# Polydivisible Number/Examples/381,654,729

## Theorem

The integer $381 \, 654 \, 729$ is the only polydivisible number which is pandigital in the sense of excluding zero.

## Proof

First it is demonstrated that indeed $381 \, 654 \, 729$ has this property:

 $\ds 3$ $=$ $\ds 1 \times 3$ $\ds 38$ $=$ $\ds 2 \times 19$ $\ds 381$ $=$ $\ds 3 \times 127$ $\ds 3816$ $=$ $\ds 4 \times 954$ $\ds 38 \, 165$ $=$ $\ds 5 \times 7633$ $\ds 381 \, 654$ $=$ $\ds 6 \times 63 \, 609$ $\ds 3 \, 816 \, 547$ $=$ $\ds 7 \times 545 \, 221$ $\ds 38 \, 165 \, 472$ $=$ $\ds 8 \times 4 \, 770 \, 684$ $\ds 381 \, 654 \, 729$ $=$ $\ds 9 \times 42 \, 406 \, 081$

$\Box$

It remains to be demonstrated that it is the only such number.

Let $\sqbrk {abcdefghi}$ be a polydivisible number which is pandigital.

$e = 5$
$b, d, f, h$ are even.

Hence:

$a, c, g, i$ are odd.
$a + b + c$, $d + 5 + f$, $g + h + i$ are divisible by $3$.
$\sqbrk {fgh}$ is divisible by $8$.

Because $f$ is even:

$\sqbrk {f00}$ is divisible by $8$.

We must therefore have:

$\sqbrk {gh}$ divisible by $8$.

Thus:

$\sqbrk {gh}$ must be one of $16, 32, 72, 96$.

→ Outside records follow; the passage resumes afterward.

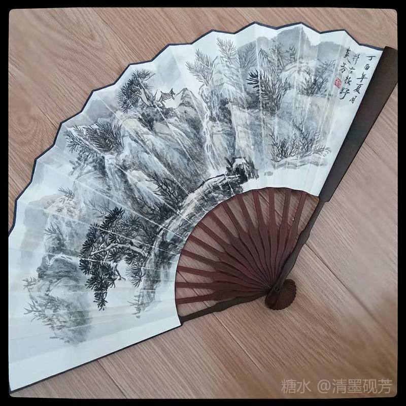 折扇 在古人心里,有这么一个爱称----怀袖雅物 尺寸之长,拂襟之轻 清风徐来,余韵悠长 折扇在方寸之间,把诗书画印集于一身,实则是文房必备之雅物。一把折扇从选材、制作,要进过三十多道工序,纯手工打造。再配以书画、金石、锦盒、扇坠……少则月余,长则以年计算。文人对其钟爱,怕也是其中工匠的匠心独运使然。 扇骨本也风雅,黑檀、白竹、湘妃、蛇纹木……自身便是收藏佳品,于宣纸绢丝为伍更是多了万种风情。若再遇上文人墨客的逸品书画,那真是美轮美奂,不可方物。 我喜欢折扇,偏爱竹制扇骨,尤以湘妃竹为最。我是不去品论湘妃竹的等级的,上乘红湘妃也望尘莫及。对我而言,有板正的竹骨,便是好扇,便用棉质包好,放在茶篮与茶一起存放,轻打折扇,竹香、茶香清风徐来,神清气爽。美哉悠哉。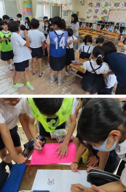 今日の朝の時間、ベストフレンド班(BF班)で、前にしていた『旗づくり』の続きをしました。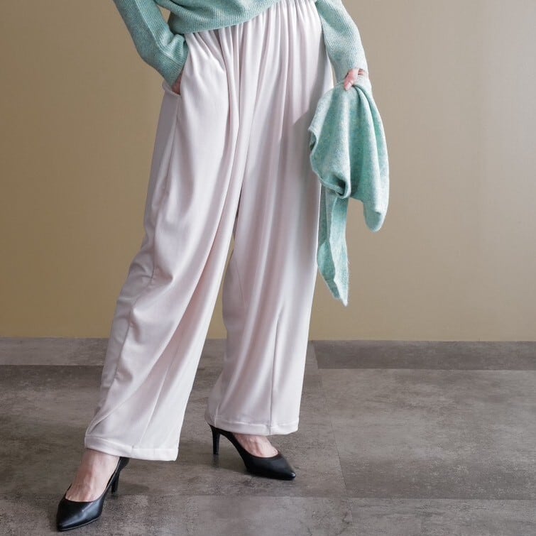拾わないので幅広い体型の方でもすっきりと穿いていただけます。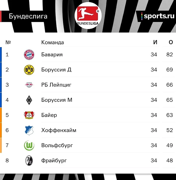 «Бавария», обе «Боруссии» и «Лейпциг» вышли в ЛЧ, «Байер», «Хоффенхайм» и «Вольфсбург» – в ЛЕ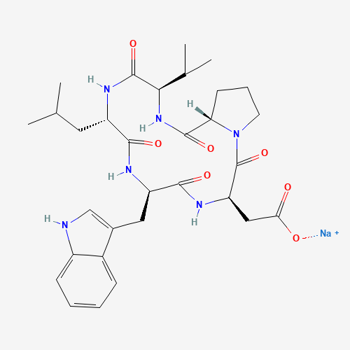 - Synonyms:BQ-123 sodium;UNII-05427HSQ1I;05427HSQ1I;Cyclo(D-alpha-aspartyl-L-prolyl-D-valyl-L-leucyl-D-tryptophyl), monosodium salt;136655-57-7;Q27236073;CYCLO(D-.ALPHA.-ASPARTYL-L-PROLYL-D-VALYL-L-LEUCYL-D-TRYPTOPHYL), MONOSODIUM SALT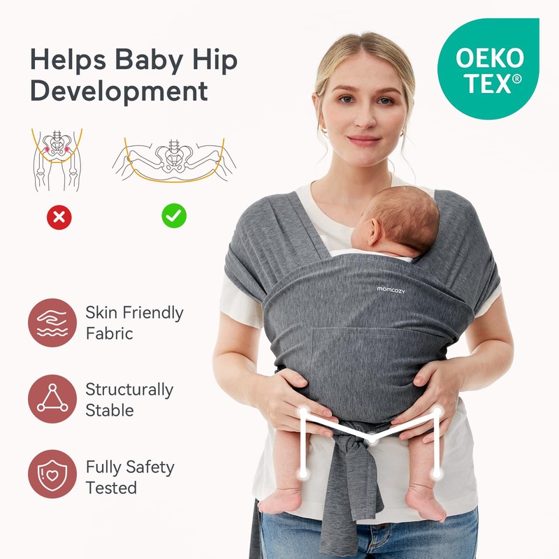 Momcozy Baby Wrap Carrier, Easy to Wear Infant Carrier Slings, Lightweight Hands Free Baby Sling, Adjustable Baby Carriers for Newborn to Toddler 8-35 lbs, Deep Grey

Because $i$ is odd and $g + h + i$ are divisible by $3$:

$\sqbrk {ghi}$ must be one of $321, 327, 723, 729, 963$.
$\sqbrk {cd}$ is divisible by $4$.

Because $c$ is odd:

$d$ must be $2$ or $6$.

Suppose $h = 6$.

Then $\sqbrk {ghi} = 963$ and $d = 2$.

Since $d + 5 + f$ is divisible by $3$ and $f$ is even:

$f = 8$

The remaining even number $b$ must be $4$.

So:

$\sqbrk {abcdefghi} = \sqbrk {a4c258963}$

Thus the only remaining options for $a$ and $c$ are $1$ and $7$.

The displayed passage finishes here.